=== Section Start ===

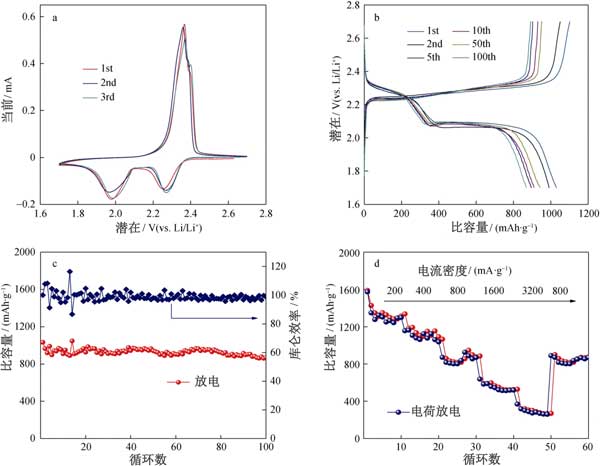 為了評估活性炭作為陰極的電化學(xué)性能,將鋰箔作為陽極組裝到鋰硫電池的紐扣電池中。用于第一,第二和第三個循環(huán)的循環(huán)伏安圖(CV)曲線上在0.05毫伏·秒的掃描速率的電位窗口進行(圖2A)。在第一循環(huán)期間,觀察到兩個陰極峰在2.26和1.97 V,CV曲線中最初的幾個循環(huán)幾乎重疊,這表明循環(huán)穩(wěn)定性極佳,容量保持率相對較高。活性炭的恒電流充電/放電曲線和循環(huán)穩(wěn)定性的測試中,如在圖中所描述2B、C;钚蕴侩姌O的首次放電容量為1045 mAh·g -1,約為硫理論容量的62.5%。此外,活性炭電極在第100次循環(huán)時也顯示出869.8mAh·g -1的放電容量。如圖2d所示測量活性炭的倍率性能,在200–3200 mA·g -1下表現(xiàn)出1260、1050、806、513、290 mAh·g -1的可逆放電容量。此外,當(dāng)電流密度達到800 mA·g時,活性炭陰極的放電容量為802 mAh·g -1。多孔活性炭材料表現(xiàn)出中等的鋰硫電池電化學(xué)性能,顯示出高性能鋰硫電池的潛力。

=== Section End ===
=== Section Start ===

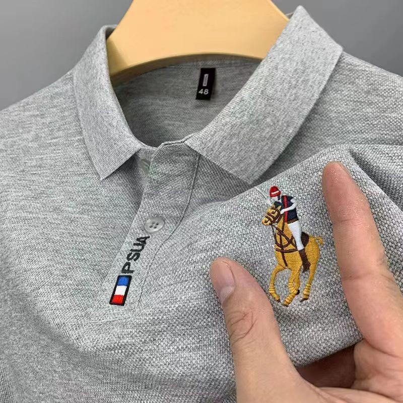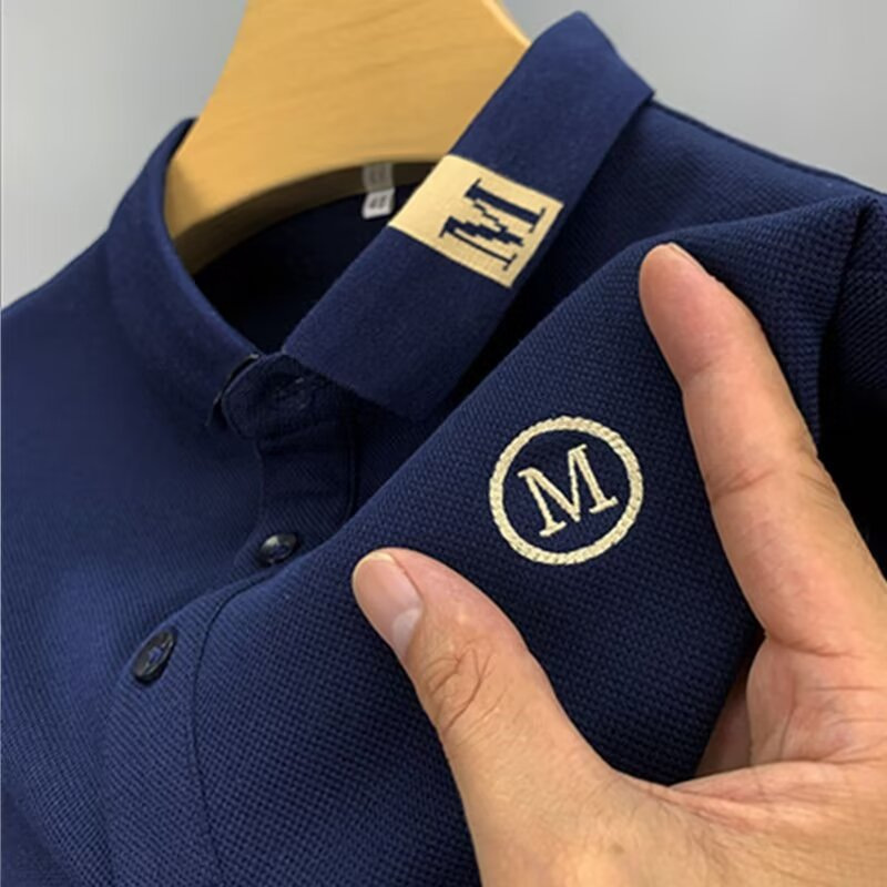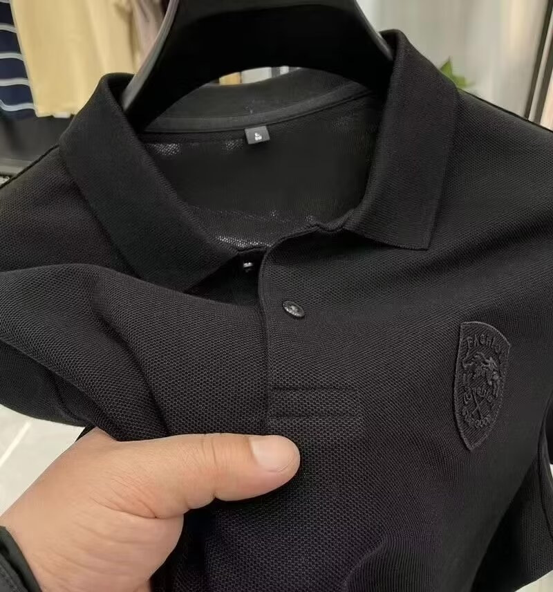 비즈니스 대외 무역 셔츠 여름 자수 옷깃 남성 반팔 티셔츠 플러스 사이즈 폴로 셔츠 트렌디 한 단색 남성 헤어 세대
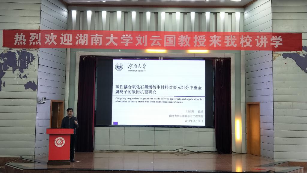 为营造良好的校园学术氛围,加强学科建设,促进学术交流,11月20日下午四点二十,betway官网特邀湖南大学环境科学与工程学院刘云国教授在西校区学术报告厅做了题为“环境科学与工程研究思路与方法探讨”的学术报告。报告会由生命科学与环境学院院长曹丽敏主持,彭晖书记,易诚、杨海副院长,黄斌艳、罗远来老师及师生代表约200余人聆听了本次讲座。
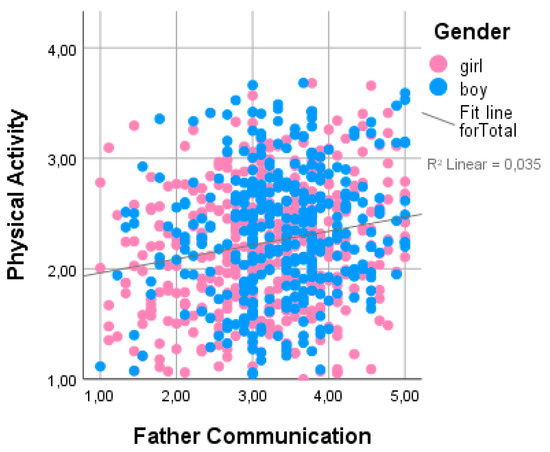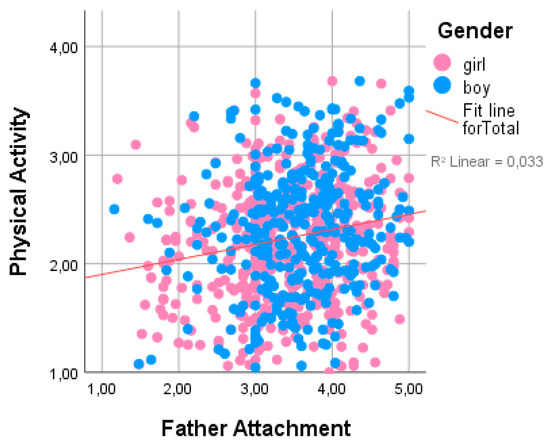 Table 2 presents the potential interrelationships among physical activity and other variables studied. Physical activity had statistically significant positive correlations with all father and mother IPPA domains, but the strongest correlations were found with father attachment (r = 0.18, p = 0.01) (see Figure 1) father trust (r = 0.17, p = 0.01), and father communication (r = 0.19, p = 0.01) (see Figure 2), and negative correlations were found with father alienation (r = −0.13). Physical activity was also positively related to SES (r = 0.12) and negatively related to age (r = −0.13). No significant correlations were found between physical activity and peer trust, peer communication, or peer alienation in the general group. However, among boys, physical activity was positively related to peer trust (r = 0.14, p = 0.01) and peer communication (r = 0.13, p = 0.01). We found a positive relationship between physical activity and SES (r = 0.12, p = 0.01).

=== Section End ===

ACTIVITY
From the data above, retype only the lines starting with the line with "비즈니스 대외 무역 셔츠" and going on through the line with "Table 2 presents", exactly, leaving out the pictures.

TASK RESULT
 비즈니스 대외 무역 셔츠 여름 자수 옷깃 남성 반팔 티셔츠 플러스 사이즈 폴로 셔츠 트렌디 한 단색 남성 헤어 세대
 为营造良好的校园学术氛围,加强学科建设,促进学术交流,11月20日下午四点二十,betway官网特邀湖南大学环境科学与工程学院刘云国教授在西校区学术报告厅做了题为“环境科学与工程研究思路与方法探讨”的学术报告。报告会由生命科学与环境学院院长曹丽敏主持,彭晖书记,易诚、杨海副院长,黄斌艳、罗远来老师及师生代表约200余人聆听了本次讲座。
 Table 2 presents the potential interrelationships among physical activity and other variables studied. Physical activity had statistically significant positive correlations with all father and mother IPPA domains, but the strongest correlations were found with father attachment (r = 0.18, p = 0.01) (see Figure 1) father trust (r = 0.17, p = 0.01), and father communication (r = 0.19, p = 0.01) (see Figure 2), and negative correlations were found with father alienation (r = −0.13). Physical activity was also positively related to SES (r = 0.12) and negatively related to age (r = −0.13). No significant correlations were found between physical activity and peer trust, peer communication, or peer alienation in the general group. However, among boys, physical activity was positively related to peer trust (r = 0.14, p = 0.01) and peer communication (r = 0.13, p = 0.01). We found a positive relationship between physical activity and SES (r = 0.12, p = 0.01).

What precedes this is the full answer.